There will be plenty of fresh fish this week. Roast some monkfish. Make fish tacos with flounder or lemon sole. Bake some hake!

As promised, By the Way Bakery will make her first appearance at the market this Saturday. I know many of you are not yet familiar with her product, but I promise you that once you take a bite of her sour cherry coffee cake you will be hooked. Oh and “by the way” everything that comes out of Helene Godin’s bakery is 100 % gluten-free, though that barely seems relevant it’s all so delicious.
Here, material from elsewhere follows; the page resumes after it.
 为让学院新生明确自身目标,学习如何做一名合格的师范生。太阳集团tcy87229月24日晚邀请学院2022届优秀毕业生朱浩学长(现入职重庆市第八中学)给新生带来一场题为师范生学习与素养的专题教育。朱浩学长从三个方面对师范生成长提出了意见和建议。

Renee’s Jams is also back this week with her tantalizing (local!) fruit preserves in adorable homespun jars. Grab some for yourself, and then pick up a trio of jams as a gift for someone sweet in your life. Clean Ridge Soap will also be there on Saturday, so you can cross some more names off of your gift list with her natural homemade soaps in lovely gift baskets.

Fork & Glass will be back next week. This week in our live cooking corner,  personal chef Maria Reina will be making a couple of recipes using proteins from our vendors to show you how easy farrm-to-table cooking can be.

The knife sharpeners will be back on Dec. 17th with a 20 percent off sale. They will also be selling gift certificates (which will include the discount) — a great gift for any foodie on your list.

We know there are many markets to choose from in the area, we appreciate you making Chappaqua your weekly habit!